What if the employer calls for a workplace investigation?
Sometimes employers will respond to a complaint of racism by starting a workplace investigation. Sometimes they do this honestly, not knowing what had transpired and genuinely wishing to find out what occurred, get to the best result and remediate.
Other times it is a delay intended to develop their own statement of defence and get their public relations plan in place in advance of any statement of claim being issued or of the public learning of the issue. If it is the latter, strategically, you should not permit that time and come out quickly with your statement of claim and own the media campaign if any, before the employer’s position is entrenched and it has had time to remediate its reputation.
You should also investigate the background of their chosen “investigators” to learn if that person has expressed any opinion on the topic.
In one recent public dispute about anti-Semitism, the investigator had historic tweets indicating a bias. The fact that the investigator is a lawyer does not, as they will claim, guarantee that they are objective and open minded.
In my experience, many, perhaps most, investigators are hired guns, looking to be reappointed for further lucrative investigations, which require little legal knowledge and skill. Their reports have no weight with courts as they are inherently hearsay and the judge must and will come to his or her own determination after observing the witness testimony.
If the investigation report is against you, you should respond immediately with the following: note any bias of the chosen investigator, their historical financial involvement with that employer, witnesses they failed to interview, misapprehensions of the facts or law, the inherent improbabilities of their conclusions and the fact that they disregarded the evidence of those witnesses whose evidence they did not list.

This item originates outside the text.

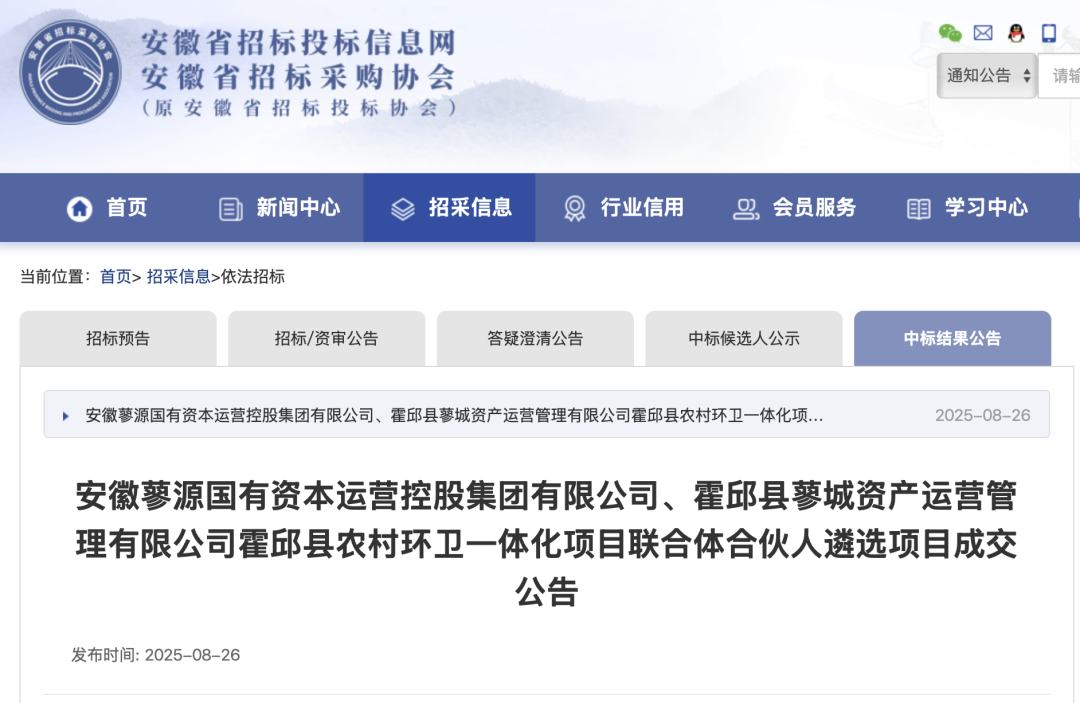 近日,中国固废网从E20环境平台标讯采集系统E标通获悉,8月26日,霍邱县农村环卫一体化项目联合体合伙人遴选项目发布成交结果公告,、、、四大知名环卫企业入选。

An employment lawyer should assist you with that rebuttal. But remember, much as an employer may try to wrap themselves around that report as it sanitizes its conduct, the findings of an investigator are totally irrelevant as the court comes to its own conclusions.
I find that internal employees, in human resources, will get a better result and more quickly, since they have no financial incentive to drag the process out, and already know the players and the company’s policies. In the rare circumstance that an external investigator is desirable, use a retired judge who has credibility and is trained in ascertaining facts and who will have the respect of all stakeholders.